Epitheloid trophoblastic tumor (ETT) is the rarest type of trophoblastic tumor, originating from the chorionic-type intermediate trophoblast. ETT is clinically rare, and its biological behavior and pathogenesis remain unclear.
Pathogenesis
Molecular genetic studies of ETT suggest that the tumor tissues contain new alleles and Y-chromosome gene loci that may derive from the paternal genome, which are not detected in the surrounding normal tissues. This suggests that ETT originates from pregnancy rather than from the patient’s own tissues.
Pathology
Macroscopically, ETT presents as solid or mixed solid-cystic masses, typically with well-defined nodular boundaries. Localized invasion of surrounding tissues may be observed, often accompanied by hemorrhage and necrosis. Microscopically, the tumor consists of neoplastic chorionic-type intermediate trophoblastic cells, growing in a nodular pattern with widespread or “geographic” necrosis. Tumor cells are mononuclear, with eosinophilic or clear cytoplasm, and exhibit variable mitotic activity. Eosinophilic hyaline-like material is often seen between tumor cells or in the center of tumor nests, which is considered characteristic of ETT.
Clinical Features
ETT primarily occurs in women of reproductive age, commonly involving the uterine cervix or lower uterine segment. Some patients may only present with extrauterine metastatic lesions, most frequently in regions such as the vagina, fallopian tubes, broad ligaments, lungs, and liver.
ETT may follow various pregnancies, with term pregnancies being the most common precursor. Abnormal vaginal bleeding is the most common clinical presentation, while asymptomatic cases are rare.
Auxiliary Investigations
Imaging Studies
Ultrasound typically reveals a solitary, highly heterogenous echogenic nodule within the myometrium of the uterus and/or cervical canal, sometimes protruding into the uterine cavity.

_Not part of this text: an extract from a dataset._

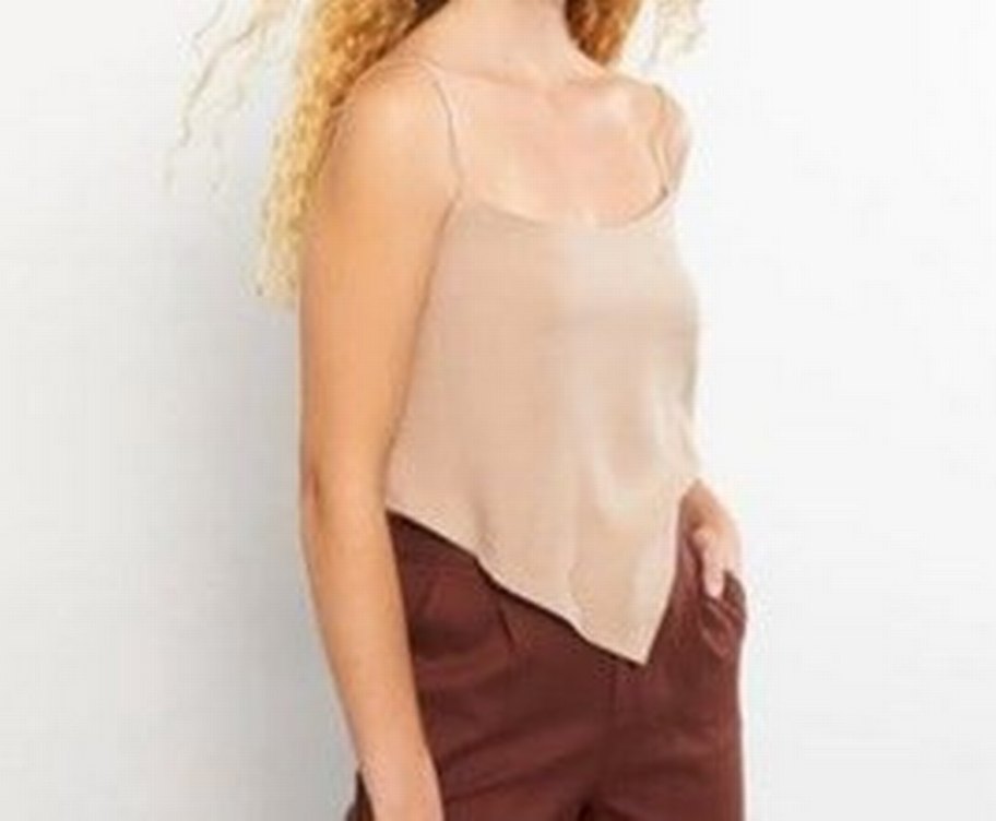 Bej renkli, V yaka, kolsuz kadın crop. İnce, ketenimsi kumaştan, kısa ve salaş kesimle günlük kullanıma uygun minimal tasarım.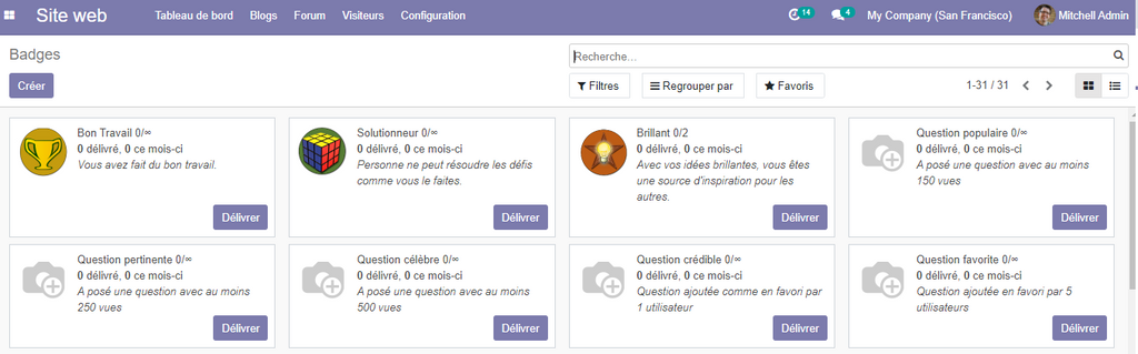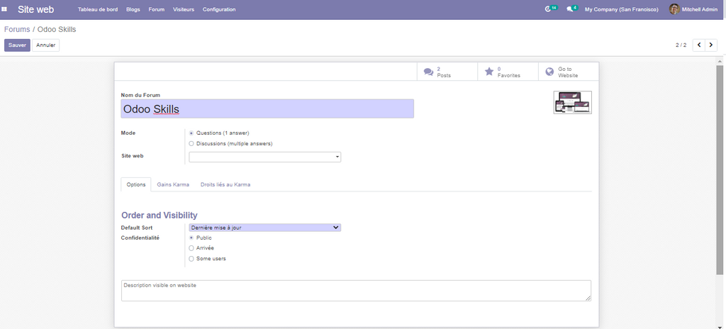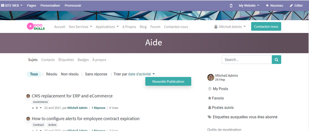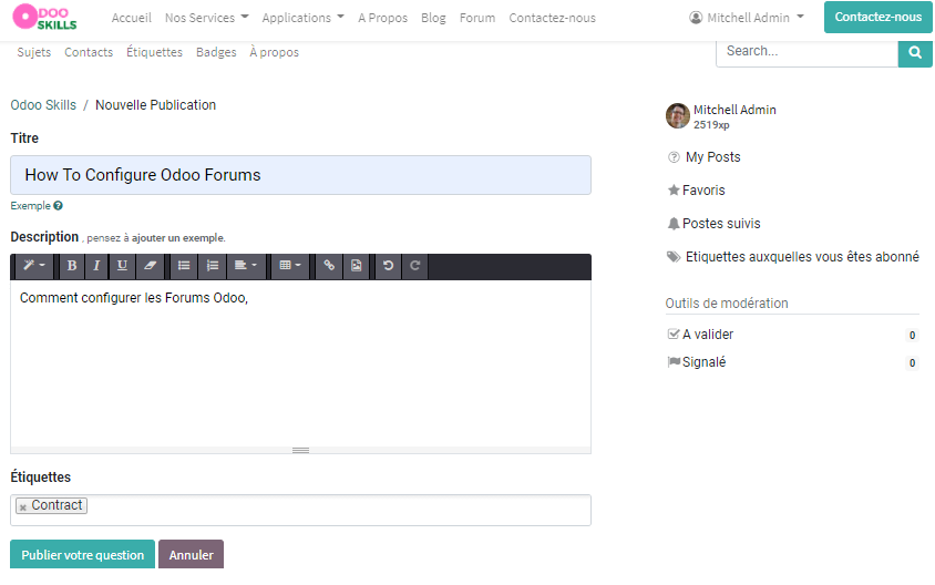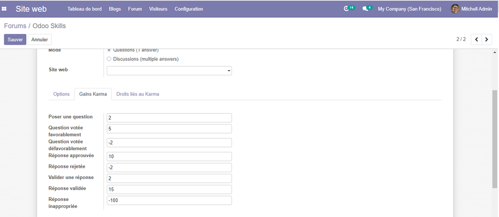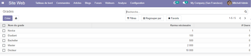 Par défaut, Odoo donne des droits de 1 à 1000 Points récoltés. 1 vous permet de modifier ses question et 1000 vous donne la possibilité de modérer les messages.

Unlike PSTT, ETT masses have well-defined boundaries and do not exhibit infiltrative growth. Doppler imaging shows low blood flow signal values. On MRI, ETT appears as a solid mass with strong T2-weighted signals. Depending on lesion size, hemorrhage, necrosis, or calcification may be present. The tumor diameter ranges from 0.5 to 14.8 cm, with various shapes such as solid nodules within the myometrium, lobulated masses protruding into the uterine cavity, or irregular lesions at cesarean scar sites. Pelvic CT can detect masses, but ETT lacks specific features on CT imaging. PET/CT has limited significance in diagnosing and staging ETT but may be valuable for high-risk patients.
Quantitative Measurement of Human Chorionic Gonadotropin (hCG)

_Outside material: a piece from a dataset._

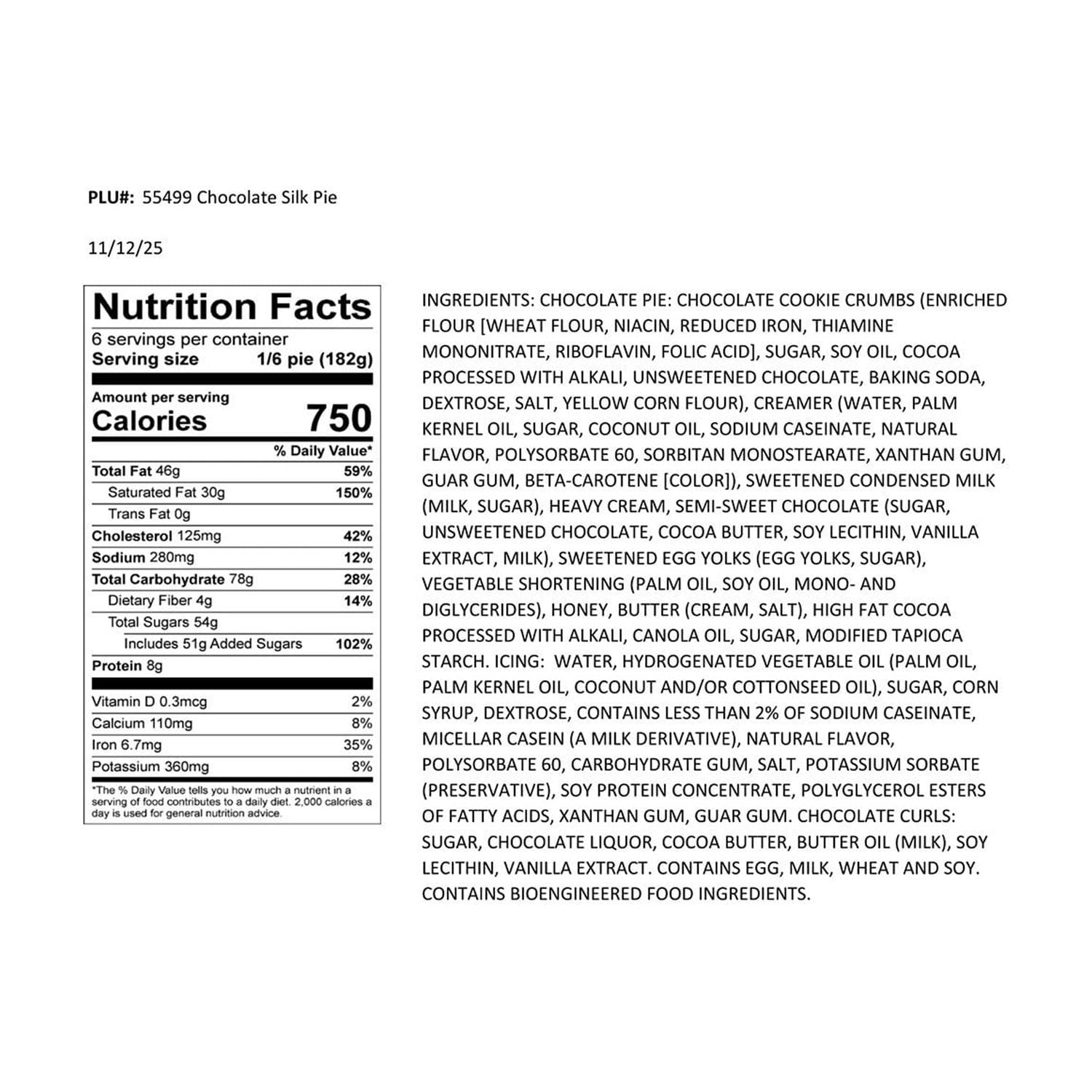 Ingredients: Cookie Crumbs (Enriched Wheat Flour [Wheat Flour, Niacin, Reduced Iron, Thiamine Mononitrate, Riboflavin, Folic Acid], Sugar, Soybean Oil, Cocoa [Processed With Alkali], Unsweetened Chocolate, Baking Soda, Dextrose, Salt, Yellow Corn Flour), Creamer (Water, Palm Kernel Oil, Sugar, Coconut Oil, Sodium Caseinate, Natural Flavor, Polysorbate 60, Sorbitan Monostearate, Xanthan Gum, Guar Gum, Beta-carotene [Color]), Sweetened Condensed Milk (Milk, Sugar), Heavy Cream, Semi-sweet Chocolate (Sugar, Unsweetened Chocolate, Cocoa Butter, Soy Lecithin, Vanilla Extract, Milk), Sweetened Egg Yolks (Egg Yolks, Sugar), Vegetable Shortening (Palm Oil, Soybean Oil, Mono- And Diglycerides), Honey, Butter (Cream, Salt), High Fat Cocoa (Processed With Alkali), Canola Oil, Sugar, Modified Tapioca Starch.

Serum hCG levels are elevated in nearly all patients with ETT; however, levels are generally below 2,500 IU/L. Higher serum hCG levels are typically associated with larger tumor volumes and greater mitotic activity of the tumor.
Diagnosis
Due to the extremely low incidence and the lack of specific clinical manifestations, preoperative diagnosis of ETT is challenging. It is often an incidental postoperative pathological finding and requires differentiation from other gestational trophoblastic neoplasms (GTNs), such as choriocarcinoma and PSTT. Definitive diagnosis relies on histopathological examination.
Clinical Staging and High-Risk Factors
The FIGO anatomical staging system is applicable; however, the prognostic scoring system is not. High-risk factors for ETT include the following:
- Disease onset more than two years after the last pregnancy.
- Depth of invasion.
- Proportion of necrotic tissue in the tumor.
- Mitotic activity >5/10 high power fields (HPF).
Treatment
Currently, there is no standardized treatment protocol for ETT. Surgical intervention is generally considered the main treatment for localized disease. Upon diagnosis, timely hysterectomy is recommended. Lymph node dissection is performed if metastases cannot be ruled out. Young patients may retain bilateral ovaries. Due to the invasive nature of ETT and its insensitivity to chemotherapy, fertility-preserving surgery is not routinely recommended. For solitary extrauterine lesions, surgical removal is also an option.
The role of chemotherapy in ETT treatment remains uncertain. Studies have shown that ETT is not sensitive to conventional GTN chemotherapy regimens. Existing chemotherapy protocols for ETT are similar to those for PSTT. For recurrent or metastatic ETT, a combination of chemotherapy and immune checkpoint inhibitors may serve as an effective salvage therapy.
Prognosis
Overall, most researchers believe that in the absence of metastases, ETT is less aggressive than choriocarcinoma and has a prognosis similar to that of PSTT, with favorable outcomes. However, once uterine metastases occur, prognosis becomes poor.
Follow-Up
Follow-up after treatment is essential and is similar to that for other gestational trophoblastic tumors. Follow-up includes monitoring serum hCG levels, evaluating menstrual regularity, and assessing for symptoms such as abnormal vaginal bleeding, cough, hemoptysis, or other signs of metastases. A gynecological examination is performed, with imaging studies such as ultrasonography or CT as needed.